Sunday , 28 May 2017
Home >> I >> Internet >> Popular video-encoding Mac app HandBrake compromised with malware

Popular video-encoding Mac app HandBrake compromised with malware


The creators of media transcoding module HandBrake have issued a statement warning that certain downloads of a installer for a Mac chronicle of a app might enclose a Trojan virus.

Downloading a app between May 2 (14:30 UTC) and May 6 (11:00 UTC) from a “download.handbrake.fr” counterpart means we have a 50-percent possibility of being putrescent with a Trojan. Automatically updated apps (using updater chronicle 1.0 and above), and files downloaded from a primary counterpart are unaffected.

Diagnosis

The enemy transposed a common HandBrake installer file, patrician ‘HandBrake-1.0.7.dmg’, with a chronicle that also contained a Trojan virus, so checking if we have this record on your complement and saying when it was downloaded is a initial step to identifying a threat.

If we have downloaded a installer during a specified time window, we can check if you’ve inadvertently commissioned a malware by opening your Mac’s Activity Monitor focus and saying if we have a routine called “Activity_agent”. If so, we are infected.

If we still have a installer file, we can also check if it has possibly of a following checksums, that further prove that it contains a Trojan.

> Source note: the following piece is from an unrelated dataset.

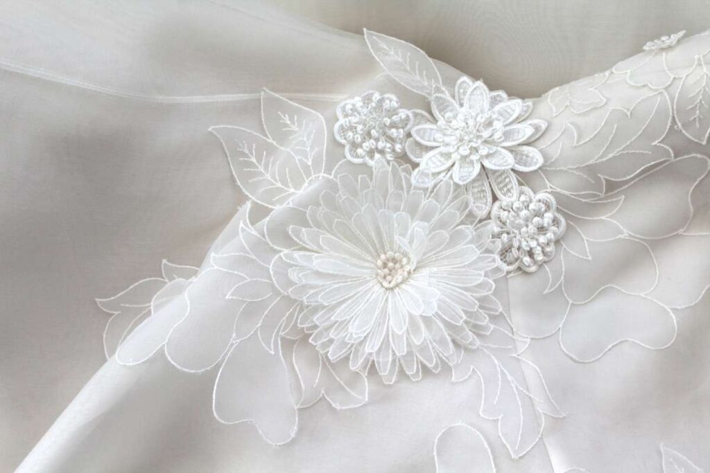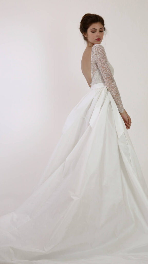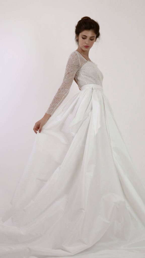 R. Spesso la scelta deriva da un amore a prima vista e poi su quel tipo di tessuto immagino e creo l’abito, altre volte è esattamente il contrario, ho un abito ben definito nella mia testa e devo trovare il tessuto giusto che ne definisca il carattere. La qualità di un tessuto, secondo me, non ha un valore solo estetico, ma anche di comfort e vestibilità. Ad esempio, tutti i miei abiti sono foderati in seta pura, proprio per dare alla sposa una sensazione di benessere addosso. Uso tanto sia i pizzi leggerissimi che quelli più corposi in cotone, nell’ultima collezione ho giocato molto con le trasparenze e le trame di alcuni tessuti, ma credo che il ricamo 3D floreale sia uno degli aspetti che contraddistingua maggiormente i miei abiti da sposa 2021. In generale credo che i tessuti di oggi devono accompagnare la silhouette della sposa e amo prevalentemente quelli leggeri e fluttuanti.
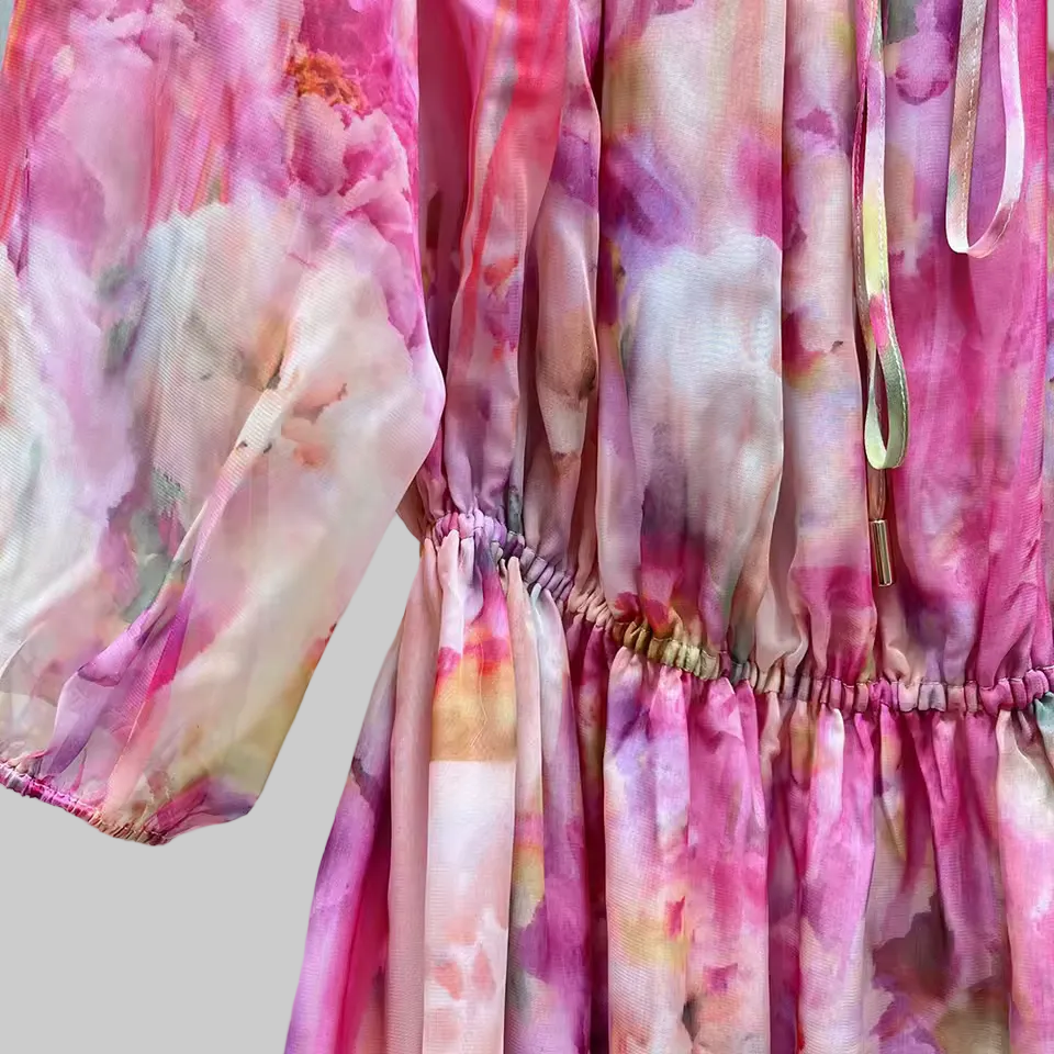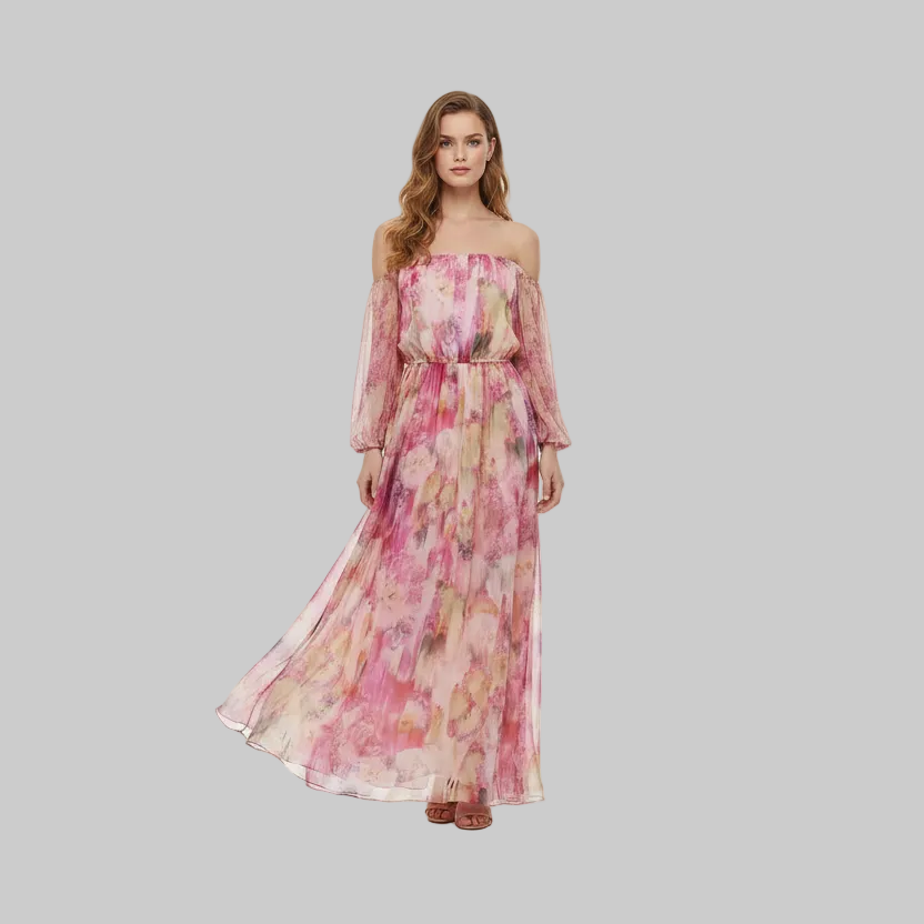 Soft, feminine, and effortlessly flowing — this watercolor floral maxi dress captures that elevated summer aesthetic your clients are looking for right now.

SHA1: 0935a43ca90c6c419a49e4f8f1d75e68cd70b274

SHA256: 013623e5e50449bbdf6943549d8224a122aa6c42bd3300a1bd2b743b01ae6793


For a step-by-step on last a file’s checksums, check out this how-to.

Removal

Removing a malware is thankfully utterly simple. Open a Terminal by acid for it in a Launchpad and form a following commands (without a bullet point), attack enter after any line.

  • launchctl unpack ~/Library/LaunchAgents/fr.handbrake.activity_agent.plist
  • rm -rf ~/Library/RenderFiles/activity_agent.app
  • if ~/Library/VideoFrameworks/ contains proton.zip, mislay a folder

Once you’ve finished this, open your Applications folder and mislay any instances of Handbrake.app there (or any other locations we might have commissioned it to).

Because this Trojan targets passwords and supportive information, if you’ve been putrescent it’s endorsed we change all passwords that are stored in Apple’s macOS KeyChain or any identical password-storing services, such as browser-based cue stores. Note that deletion passwords from these services isn’t sufficient — you’ll need to indeed change any cue that has been stored in one of these locations, as they could have already been sent to a Trojan’s creators.